Differences in rsFC across COC phases
Next to the investigation of rsFC across the MC, this investigation aimed at examining the influence of the COC phases on network connectivity. The main analysis did not find alterations between COC phases. This is in accordance with previous EEG studies using power analyses that reported no alterations across the OC cycle in alpha and theta power.19,20 In contrast, Brötzner et al. 17 observed a higher alpha centre frequency in parieto-occipital electrodes during the active pill phase in two different samples, compared to the pause.
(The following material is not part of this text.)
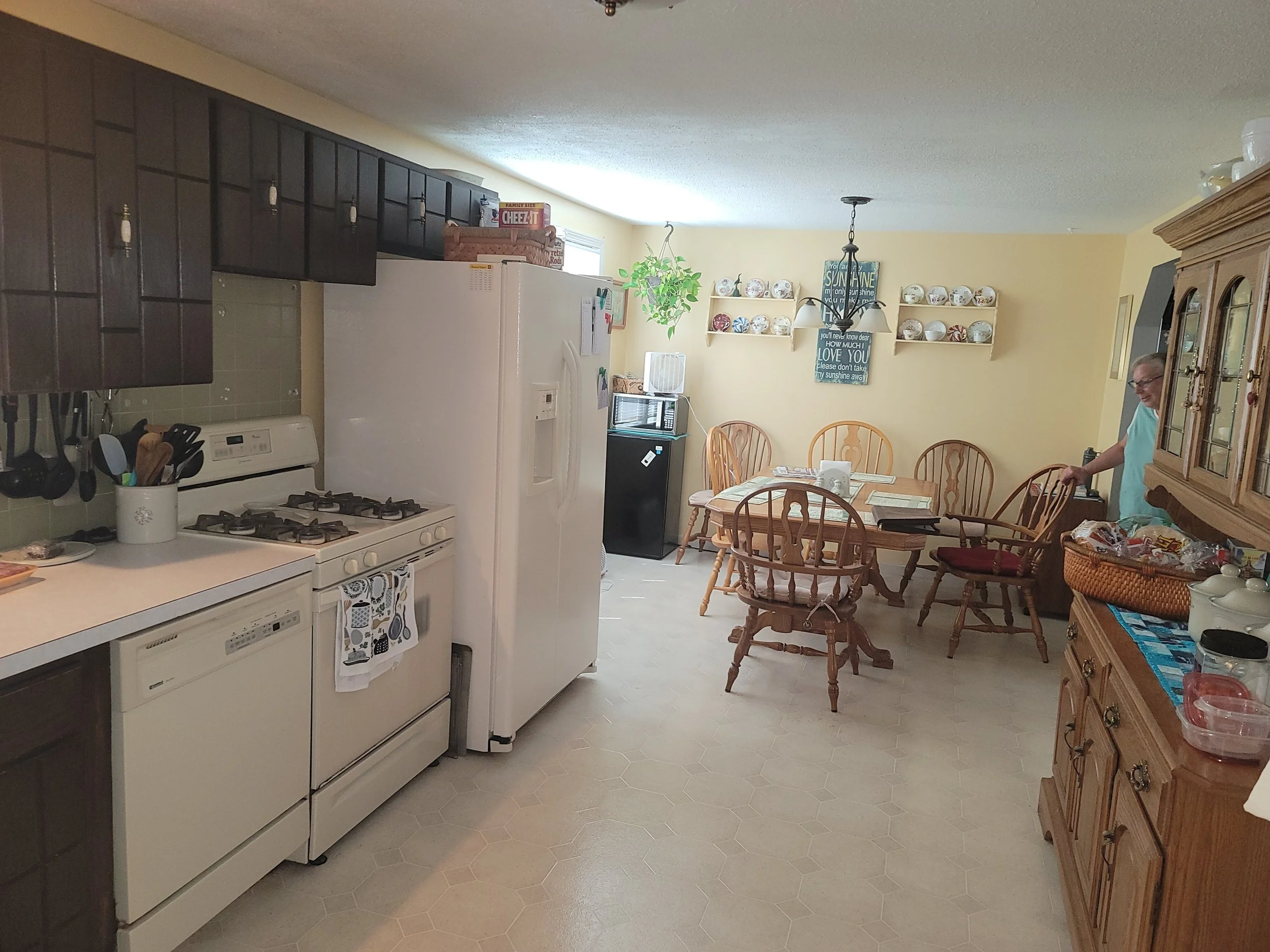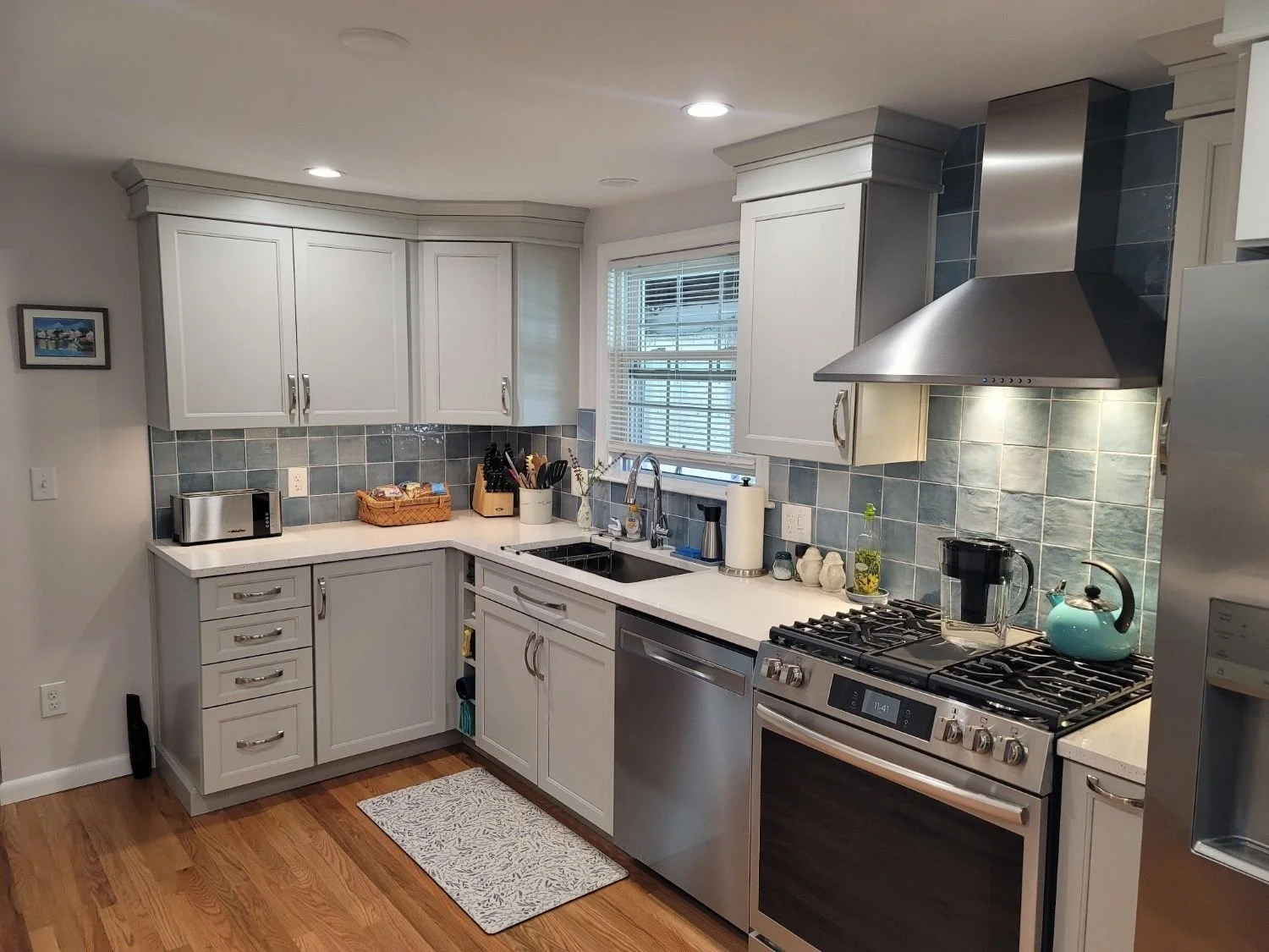 The first-floor bathroom underwent a full renovation featuring a 24-inch Nantucket white shaker vanity with a coordinating mirror and top, paired with stacked Waypoint 9x36-inch white shaker cabinets for added storage. Matte black pulls complement the cabinetry and coordinate with the Delta Arvo widespread vanity faucet and Delta Arvo shower system, which includes a handheld sprayer and valve. The shower area features an Ove Decors Erika shower base and a Misty six-panel alcove wall kit for a sleek, clean finish. A Panasonic Whisper EZ fan with integrated lighting was installed for ventilation, properly vented to the exterior. Over the vanity, a Capital Lighting Lawson 2 Light 14" wide vanity light adds elegant illumination. Additional features include a comfort height American Standard Cadet 3 toilet, Delta Trinsic towel ring and tissue holder, a curved Moen Triva shower curtain rod, and a Sure-Loc robe hook. The walls were painted in the client’s chosen Benjamin Moore color, with trim and ceiling in Chantilly Lace for a fresh, modern look. The floor was finished with 7x48-inch MSI luxury vinyl plank flooring and a coordinating transition threshold.

Varying results across studies might be explained by the androgenic features of the synthetic progestins contained in the OCs used by the study samples. 68 As both the present study and the samples of Brötzner et al. 17 included participants using a variety of COCs without subgroup analysis—and some studies did not report COC features 19 —it might be that the mixture of included COCs contributes to discrepancies in the results.
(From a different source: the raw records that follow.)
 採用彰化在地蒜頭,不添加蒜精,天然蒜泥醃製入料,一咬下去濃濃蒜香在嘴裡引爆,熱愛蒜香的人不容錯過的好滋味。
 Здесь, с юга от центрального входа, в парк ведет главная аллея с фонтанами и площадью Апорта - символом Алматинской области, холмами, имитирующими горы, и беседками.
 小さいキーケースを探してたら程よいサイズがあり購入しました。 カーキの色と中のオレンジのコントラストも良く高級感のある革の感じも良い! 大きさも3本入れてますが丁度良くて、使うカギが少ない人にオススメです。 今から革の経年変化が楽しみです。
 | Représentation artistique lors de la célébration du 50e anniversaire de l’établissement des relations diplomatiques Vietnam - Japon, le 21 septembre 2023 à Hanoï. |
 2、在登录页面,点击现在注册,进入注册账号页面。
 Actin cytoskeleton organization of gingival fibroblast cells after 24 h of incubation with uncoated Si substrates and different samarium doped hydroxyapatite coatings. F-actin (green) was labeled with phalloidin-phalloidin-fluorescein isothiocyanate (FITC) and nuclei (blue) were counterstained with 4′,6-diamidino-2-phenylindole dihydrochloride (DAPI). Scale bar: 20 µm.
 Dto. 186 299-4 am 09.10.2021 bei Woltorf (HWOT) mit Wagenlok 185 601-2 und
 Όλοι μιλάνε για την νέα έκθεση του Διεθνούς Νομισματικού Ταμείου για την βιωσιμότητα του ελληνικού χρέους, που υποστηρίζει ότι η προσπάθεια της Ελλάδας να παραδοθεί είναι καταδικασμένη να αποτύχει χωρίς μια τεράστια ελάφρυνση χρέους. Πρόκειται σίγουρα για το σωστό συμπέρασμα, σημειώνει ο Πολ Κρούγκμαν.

Region-specific changes across COC phases have been observed in a previous fMRI study. Petersen et al. 81 reported higher connectivity in the left middle frontal gyrus—investigated as part of the executive control network (ECN)—during the pause compared to the pill phase. However, the same study reported no alterations in the default mode network (DMN). 81 Additionally, Bondt et al. 82 did not report connectivity alterations in either the ECN or the DMN in resting-state fMRI due to OC use. As mentioned before, differences in COC composition (i.e. contained progestin) and the half-life of synthetic hormones may contribute to the inconsistencies in results and limit comparisons between studies. 68 Hence, future studies should differentiate between OC types with different pharmacokinetic and pharmacodynamic characteristics and assess the level of both, progestin and synthetic oestrogen in addition to the endogenous hormone levels, for a better interpretation of the influence of COCs on rsFC.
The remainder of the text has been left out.